Friday May 9th was the day of the Catchement to Coast tour, kindly organised by Ocean Watch and Tide to Table. The people attending the tour covered all aspects of the catchment from farmers and organisation in the catchment systems through to commerical fisher’s and related business’s.

The tour began in Bundaberg at Riverside and from here the tour group looked at sites of great importance along Splitter’s Creek.

Lung fish in Splitter’s CreekSplitter’s Creek has great importance to ecology of fresh waterways as it is home to some of the regions rare fish species such as the “Lungfish”, and also plays home to other fish such as Mullet, Bream, Bass and Cod.

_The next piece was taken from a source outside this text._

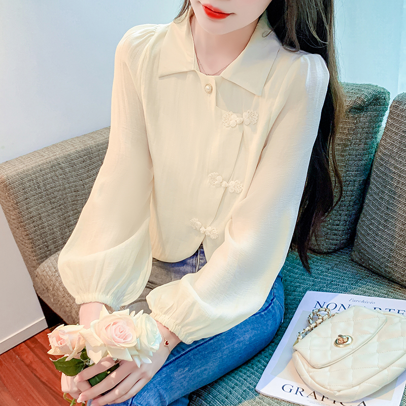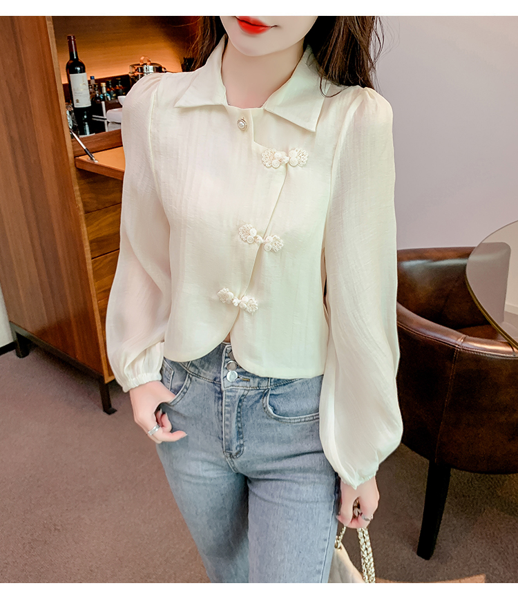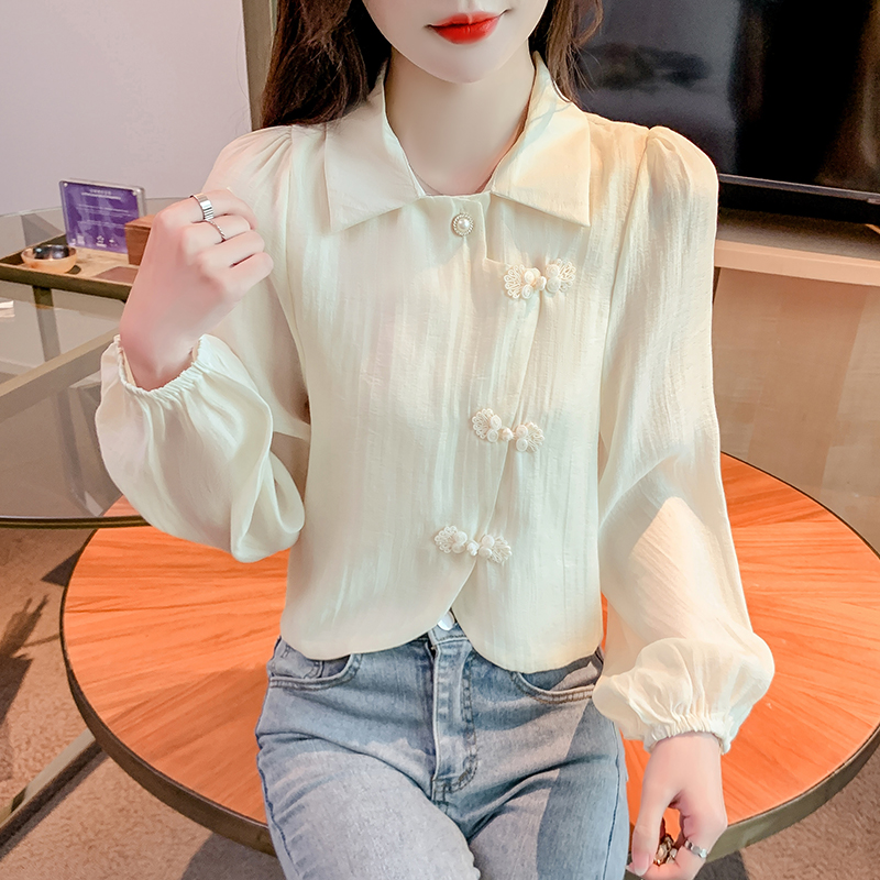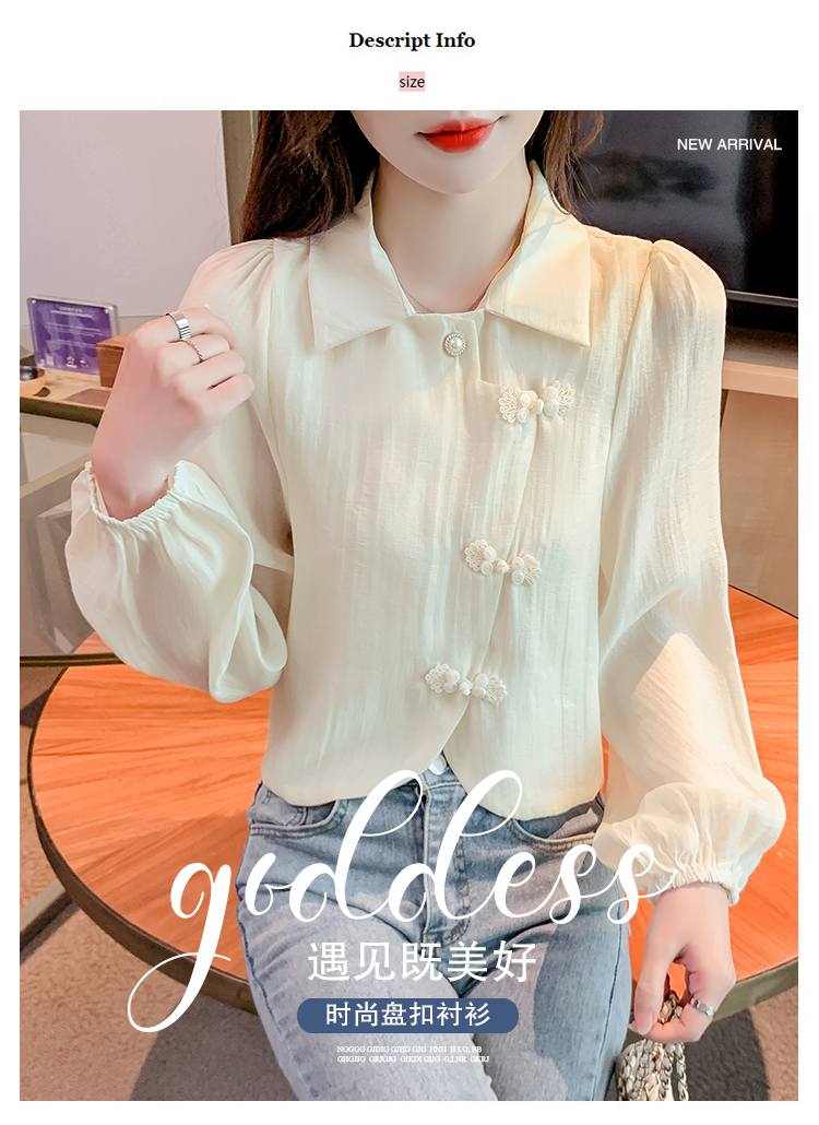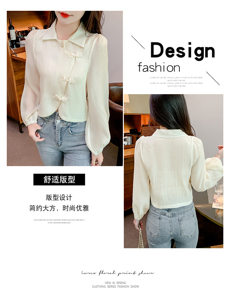 PF1071#新中式盘扣衬衫春装女2024年新款女国风小衫别致漂亮长袖春季上衣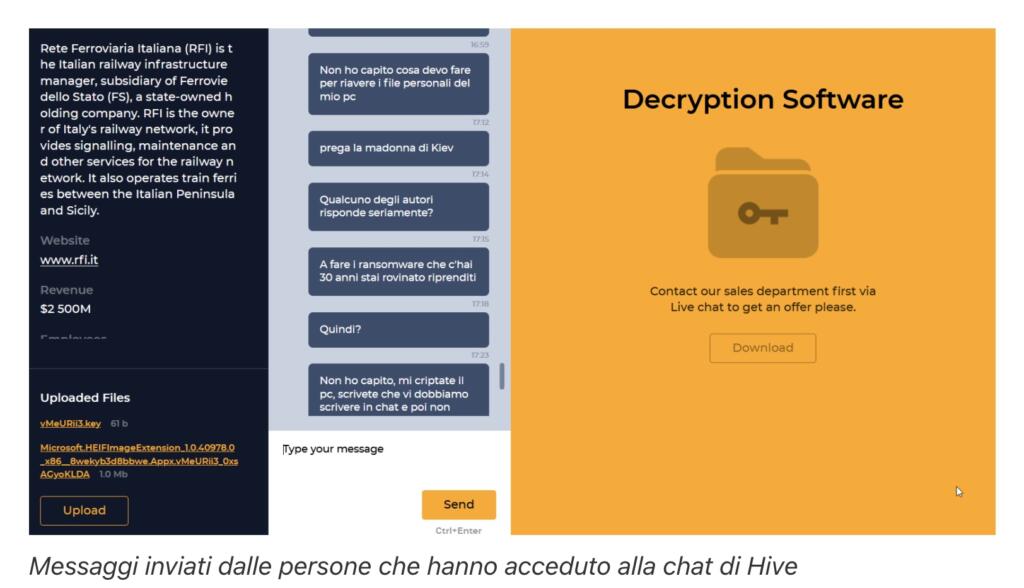 Hive Ransomware, i messaggi all’hacker delle Ferrovie

The tour gave all members of the trip an insight into how fresh water stream health plays a major role in the overall health of the oceans and fishing industry,and how the little things that happen in and around fresh waterways has a major effect on the fishing industry ,health of the ocean and all waterways.

Along the way guest speakers spoke about restoring the health of the Burnett Mary Region, the significance of Splitters’ Creek in the Burnett River estuary, fish migration along Splitter’s Creek and how through the use of improved fishways along Splitter’s creek will help fish to move upstream. The tour also looked at the importance of streamside vegetation for fish, environmental flows and the role wetlands play in water quality and habitat.

After a little trip on the bus the tour group then boarded the “Bundy Belle” and went for a cruise along the Burnett River. While sitting back and enjoying the scenery along the Burnett guest speakers talk to about the changes to the Burnett over time and the impacts on habitiat and productivity of the fishery.

Other topics of interest along the way included a demonstration of a working trawler along the Burnett and how, through the use of by-catch reduction devices on these vessles is used in todays trawling to help decrease the number of non-targeted species being caught in the nets.